Transnasal Insufflation (TNI) and Chronic Obstructive Pulmonary Disease (TNICOPD)
The purpose of this study is to determine wether transnasal insufflation as an alternate form of breathing support for COPD patients will lead to improvement of their medical condition.
|Study Design:||Endpoint Classification: Efficacy Study
Intervention Model: Single Group Assignment
Masking: Open Label
Primary Purpose: Treatment
|Official Title:||Transnasal Insufflation for Patients With COPD GOLD IV and Hypercapnia|
- partial pressure of carbon dioxide (PaCO2) decrease [ Time Frame: 3 hours ] [ Designated as safety issue: No ]PaCO2 is measured before and after applying TNI, and a PaCO2 decrease is supposed to be assessed.
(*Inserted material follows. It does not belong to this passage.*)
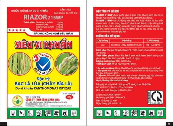 - Sự kết hợp linh hoạt của Bismethiazol, Streptomycin sulfate và Gentamycin sulfate trong RIAZOR 215WP không chỉ cung cấp sự bảo vệ mạnh mẽ mà còn giúp cải thiện sức khỏe của cây trồng, tăng cường khả năng chống chịu và đảm bảo một mùa vụ mạnh mẽ và bền vững.

- Breathing Frequency [ Time Frame: 3 hours ] [ Designated as safety issue: No ]Breathing Frequency is supposed to decrease under TNI treatment
|Study Start Date:||December 2009|
|Study Completion Date:||September 2010|
|Primary Completion Date:||June 2010 (Final data collection date for primary outcome measure)|
Device: Nasal Insufflation
Chronic obstructive pulmonary disease (COPD) is a slowly proceeding lung disease which basic pathophysiologic mechanisms are only partly understood so far and which is difficult to access with a pharmacological or sundry approach besides smoking cessation. Average life expectancy is clearly limited especially in advanced stages with respiratory insufficiency . Based on different smaller surveys long-term oxygen treatment is classified to be the routine in COPD treatment when patients develop hypoxemia.
The primary application of non-invasive ventilation Routine is the treatment for COPD patients with acute respiratory decompensation and developing hypoxemia and respiratory acidosis, because it reduces the acute mortality as various prospective randomized studies showed.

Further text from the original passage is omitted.